Case ID: nj-misc_14/html/0495-01.html
Source: Caselaw Access Project
Author: {"author": "\n      Brogan, Chief Justice.", "license": "Public Domain", "url": "https://static.case.law/"}
Date Created: 2024-08-24T03:29:51.129683

ANNIE E. C. MOFFETT, RELATOR, v. JOHN C. BLANDY, RESPONDENT.
    Argued January 21, 1936
    Decided July 9, 1936.
    Before Beogan, Chief Justice, and Justices Lloyd and Donges.
    For the relator, Henry M. Evans.
    
    For the respondent, John C. Blandy, pro se.
    
   Brogan, Chief Justice.

This is an action in quo warranto, the relator having filed an information under the fourth section of the statute. 3 Comp. Stat., p. 4212, § 4.

The relator asserts that she is entitled 'to the office of assessor of and for the city of Gloucester, saying that she held that office until July 1st, 1935, at which time the respondent, John C. Blandy, took possession of the said office, assumed the duties thereof and has ever since excluded the relator therefrom.

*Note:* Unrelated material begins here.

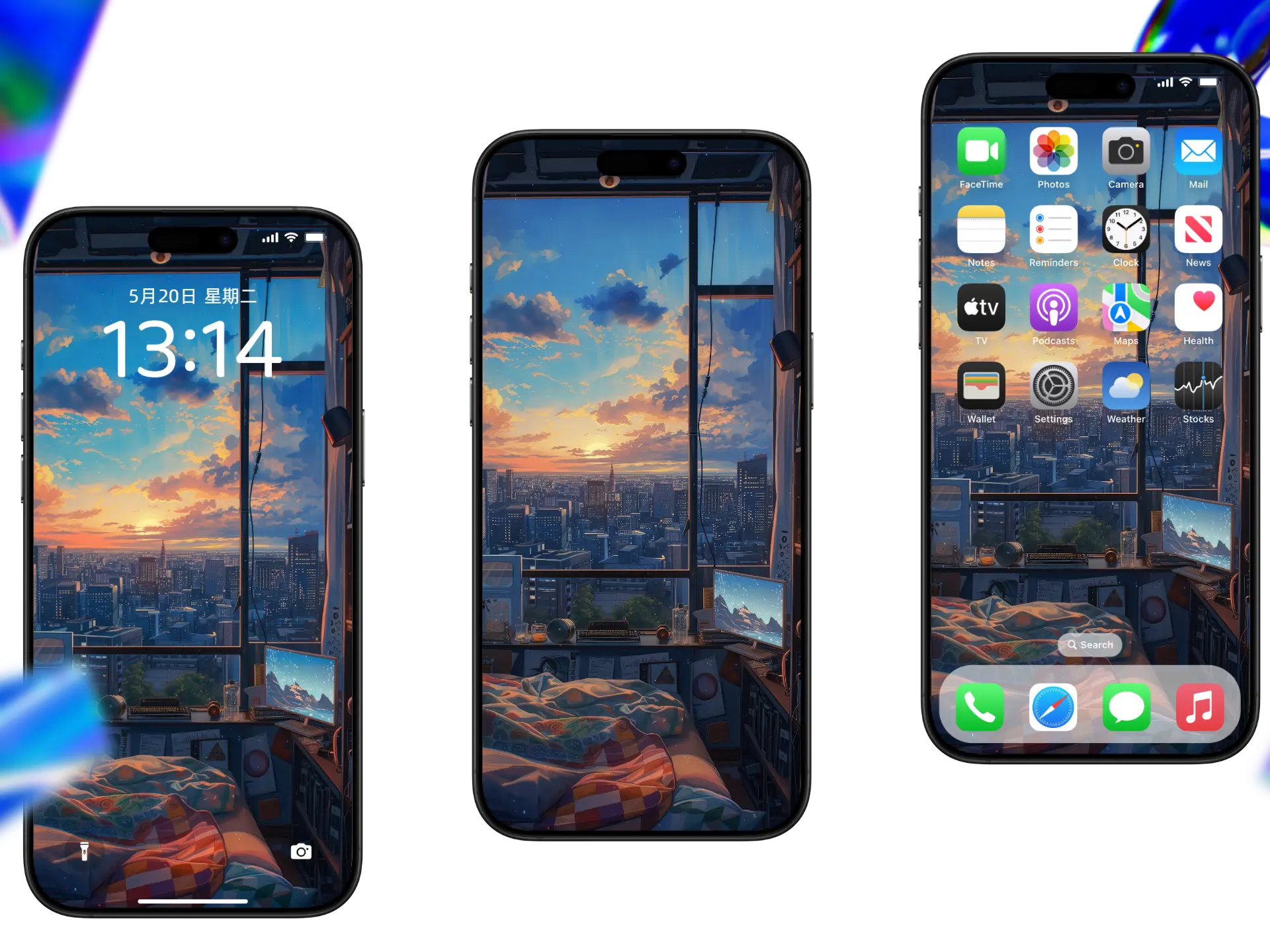 这款都市日落卧室4K手机壁纸,通过落地大窗将窗外城市天际线与室内生活场景融合:黄昏光线透过云层洒满整个房间,温暖的橙色余晖与深蓝夜幕交织,营造出一份宁静而治愈的氛围。

It appears that the said Blandy was appointed by the governing body of the city of Gloucester to the office of assessor on January 1st, 1935, his three-year term to begin on July 1st, 1935. It also appears that the three-year tenure possessed by the relator, by its own limitation, expired on June 30th, 1935. She contends, however, that her three-year term wTas extended for an additional two years by an act of the legislature known as Pamph. L. 1935, ch. 277, p. 886; N. J. Stat. Annual 1935, p. 338; § 136-1229B(4). That act provides, with some exceptions, for an extension of the term of assessors for an additional two years. If the statute upon which reliance is placed by the relator were valid, clearly the relator would have been protected in her office for a further two years after June 30th, 1935.

We have determined, however, that the statute in question is invalid (Raymond v. Teaneck, 14 N. J. Mis. R. 487). No useful purpose will be served by repeating what was said in determining that case. The statute upon which relator’s claim to the office rests, being unconstitutional, her right to the office fails.

Judgment for the respondent, with costs.